Question 14.9: Equilibrium Constant Evaluate ln K at 298 K for the followin...

Evaluate \Delta \bar{g}_{T}^{ o }  for an elementary step using properties from the ideal gas tables or the n-IG state TESTcalc, then obtain ln K from Eq. (14.49).

\ln K \equiv-\frac{\Delta \bar{g}_{T}^{ o }}{\bar{R} T} \quad \text { or } \quad K \equiv \exp \left(-\frac{\Delta \bar{g}_{T}^{ o }}{\bar{R} T}\right)                             (14.49)

Assumptions
The IG mixture model is applicable.

Analysis
\Delta \bar{g}_{T}^{ o } can be expressed in terms of enthalpy and entropy as:

\Delta \bar{g}_{T}^{ o }=\Delta\left[\bar{h}\left(p_{0}, T\right)-T \bar{s}\left(p_{0}, T\right)\right]=\Delta \bar{h}(T)-T \Delta \bar{s}^{ o }(T)

Using the procedure developed in the last chapter, we evaluate \Delta \bar{h}(T) \text { and } \Delta \bar{s}^{ o }(T) for the elementary step H _{2}+0.5 O _{2} \rightarrow H _{2} O .

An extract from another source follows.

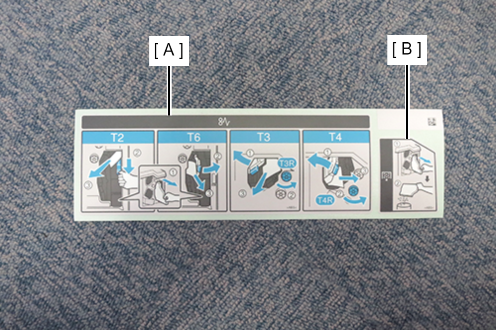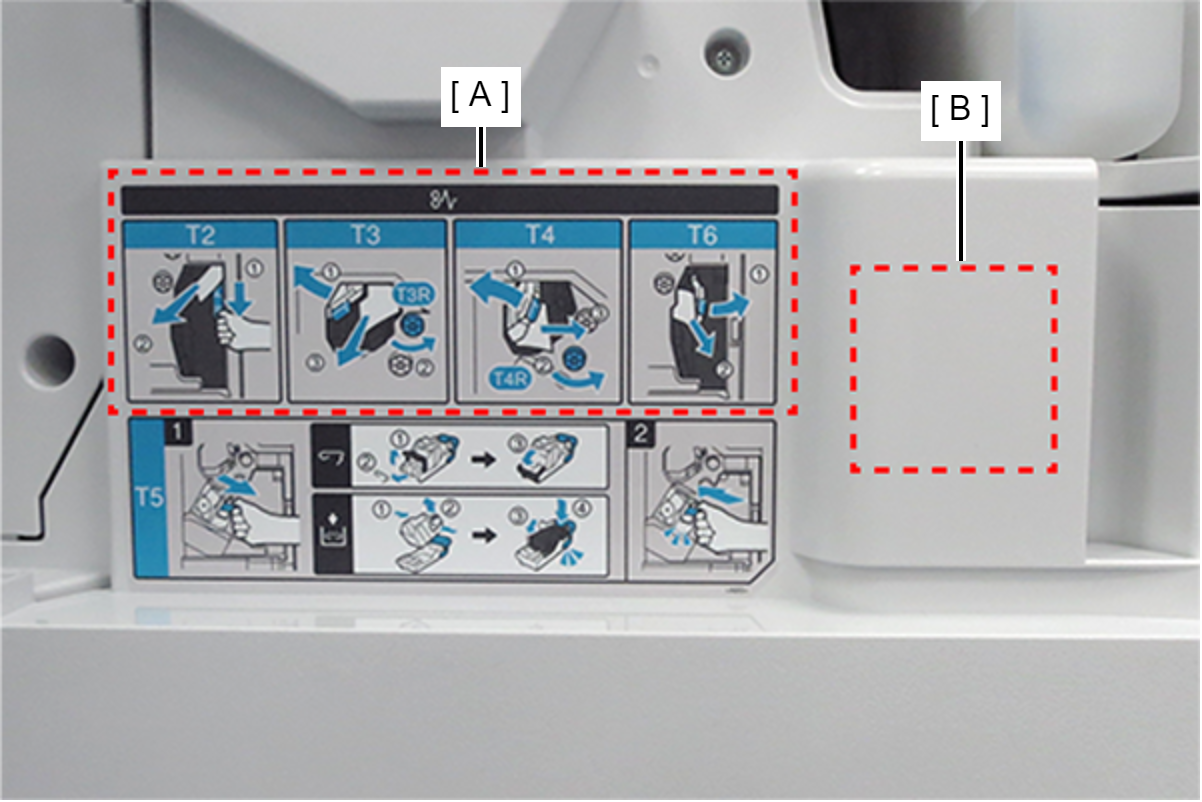 - 把附带项目中的标签(A)和(B)贴在如图所示位置,然后关闭前盖。

\begin{aligned}\Delta \bar{h}(T) &=\bar{h}_{P}(T)-\bar{h}_{R}(T)=\sum_{p} \nu_{p} \bar{h}_{p}(T)-\sum_{r} \nu_{r} \bar{h}_{r}(T) \\&=\nu_{ H _{2} O } \bar{h}_{f, H _{2} O }^{ o }-\nu_{ H _{2}} \bar{h}_{f, H _{2}}^{ o }-\nu_{ O _{2}} \bar{h}_{f, O _{2}}^{ o } \\&=(1)(-241,820)-(1)(0)-(0.5)(0)=-241,820 kJ / kmol\end{aligned}

\begin{aligned}\Delta \bar{s}^{ o }(T) &=\bar{s}_{P}^{ o }(T)-\bar{s}_{R}^{ o }(T)=\sum_{p} \nu_{p} \bar{s}_{p}^{ o }(T)-\sum_{r} \nu_{r} \bar{s}_{r}^{ o }(T) \\&=\nu_{ H _{2} O } \overline{ S }_{ H _{2}O @ 298 K }^{ o } -\nu_{ H _{2}} \bar{S}_{ H _{2}@ 298 K}^{ o } -\nu_{ O _{2}} \bar{S}_{ O _{2}@ 298 K}^{o} \\&=(1)(188.7)-(1)(130.7)-(0.5)(205.0) \\&=-44.5 kJ / kmol \cdot K\end{aligned}

Combining,

\begin{aligned}\Delta \bar{g}_{T}^{ o } &=\Delta \bar{h}(T)-T \Delta \bar{s}^{ o }(T) \\&=-241,820-(298)(-44.5)=-228,559 kJ / kmol\end{aligned}

Therefore,

\ln K \equiv-\frac{\Delta \bar{g}_{T}^{ o }}{\bar{R} T}=-\frac{-228,559}{(8.314)(298)}=92.25

The second reaction, 2 H _{2} O \rightarrow 2 H _{2}+ O _{2} , represented here by the suffix (b), is simply the inverse of the first reaction multiplied by 2. Therefore,

\Delta \bar{g}_{T(b)}^{o}=-(2)(-228,559)=(2)(228,559) kJ / kmol

and  \ln K_{(b)} \equiv-\frac{\Delta \bar{g}_{T(b)}^{ o }}{\bar{R} T}=-\frac{(2)(228,559)}{(8.314)(298)}=-(2)(92.25)=-184.5

TEST Analysis
Launch the IGE system-state TESTcalc. In the composition panel, select the reactants, H2 and O2 for the first reaction and enter their stoichiometric coefficients, 1 and 0.5, in kmol (to register the change you must click on an empty cell). Select H2O in the products block. In the state panel, enter p1=100 kPa and T1=298 K, select the Products radio button, and click Calculate. Obtain ln K from the composition panel as 92.26.

What-if scenario
Change T1 to 1000 K and re-calculate State-1. Evaluate ln K as 23.16. At 2500 K ln K can be computed as 5.13.

Discussion
The huge value of the equilibrium constant e^{92.26} at 298 K, indicates that the forward reaction for the elementary step H _{2}+0.5 O _{2} \rightarrow H _{2} O dominates at room temperature; and hydrogen and oxygen are almost nonexistent at equilibrium (that is why water is so stable at atmospheric conditions). As the temperature is increased, there is a drastic drop in the value of K. At 2500 K, therefore, we will expect some hydrogen and oxygen to be present in the mixture as the inverse reaction strengthens. We will verify that in the next example.